*Assignment*: All entries should be copied exactly; the pictures stay out.

Data for review Block Start

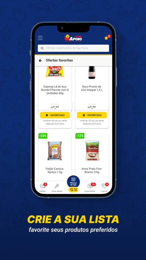 Receba ofertas diariamente, acompanhe as promoções do folheto, ative os descontos especiais para aproveitar em loja física e crie sua lista de favoritos com os seus produtos prediletos.
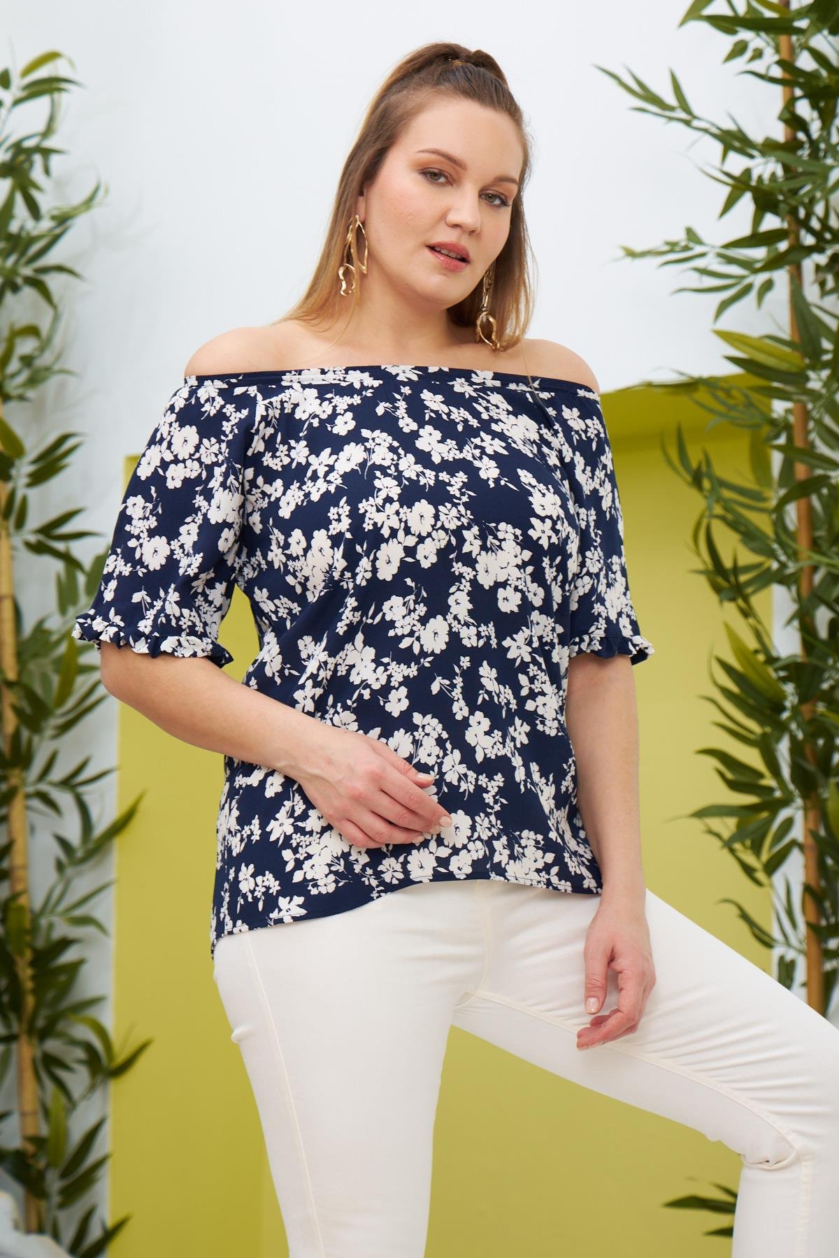 Lastikli Büyük Beden Lacivert Bluz (O6074-LACİVERT)
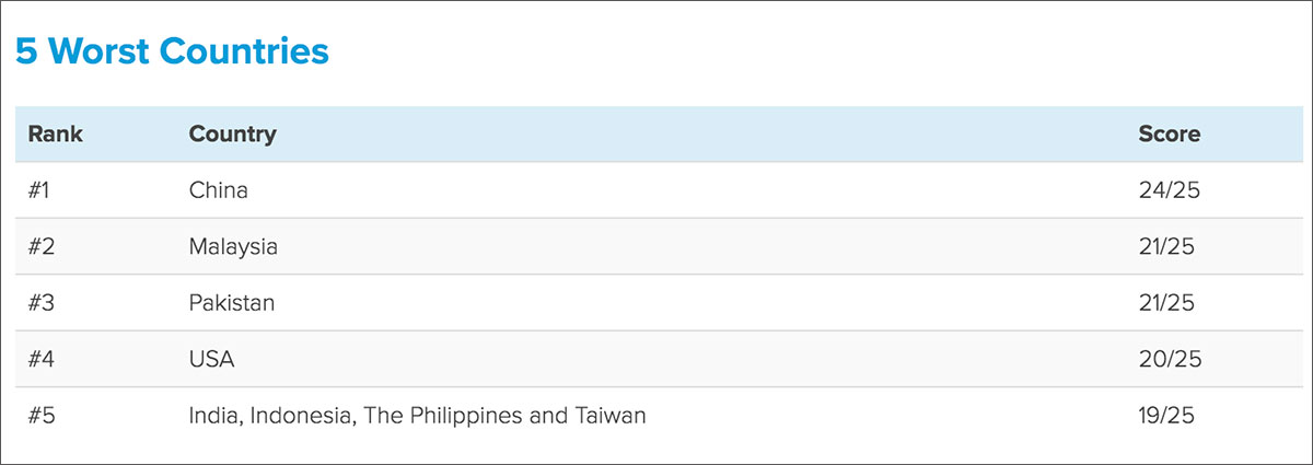 China tops list with 24/25 score
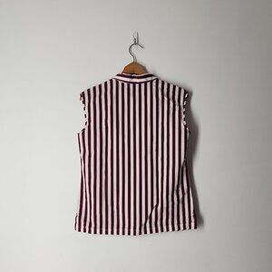 Lafayette 148 New York Yani Striped Top Sleeveless Button Up burgundy white sz 4
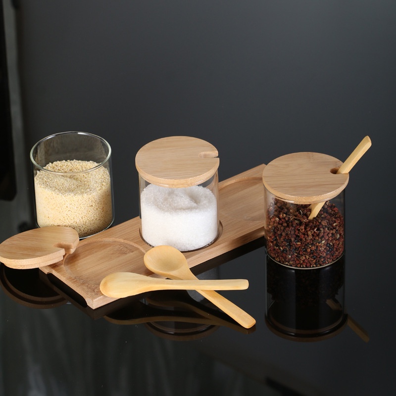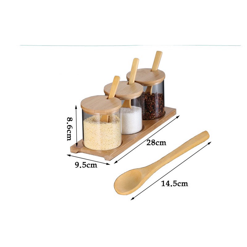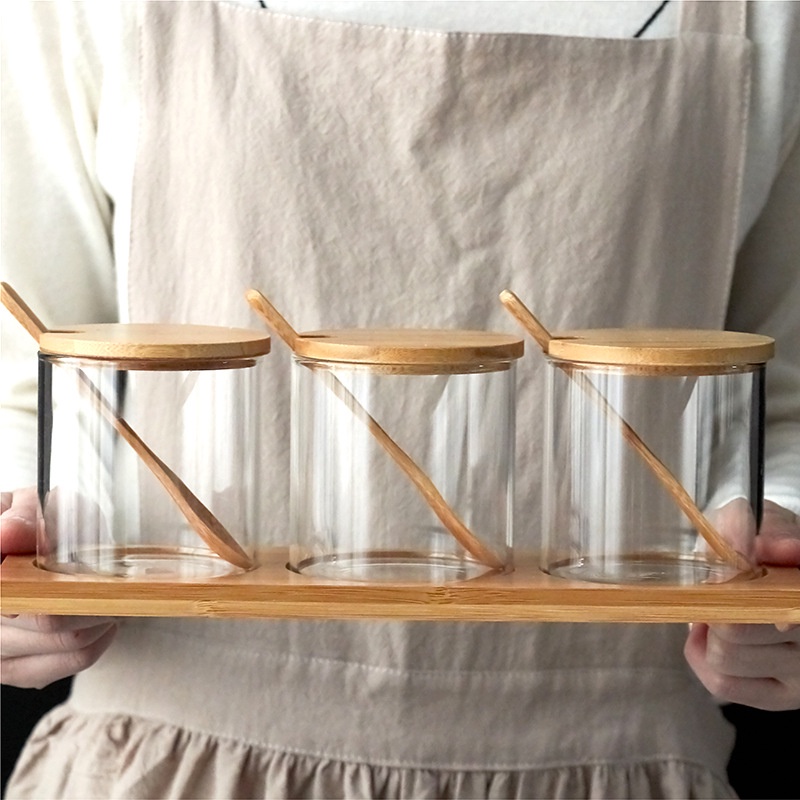 TEMPAT BUMBU KACA SET ISI 3 TOPLES DENGAN ALAS DAN PENUTUP KAYU / VINTAGE STORAGE JAR / SEASONING JAR RAK BUMBU SET TOPLES PENYIMPANAN BUMBU

Data for review Block End

*Exercise answer*:
 Receba ofertas diariamente, acompanhe as promoções do folheto, ative os descontos especiais para aproveitar em loja física e crie sua lista de favoritos com os seus produtos prediletos.
 Lastikli Büyük Beden Lacivert Bluz (O6074-LACİVERT)
 China tops list with 24/25 score
 Lafayette 148 New York Yani Striped Top Sleeveless Button Up burgundy white sz 4
 TEMPAT BUMBU KACA SET ISI 3 TOPLES DENGAN ALAS DAN PENUTUP KAYU / VINTAGE STORAGE JAR / SEASONING JAR RAK BUMBU SET TOPLES PENYIMPANAN BUMBU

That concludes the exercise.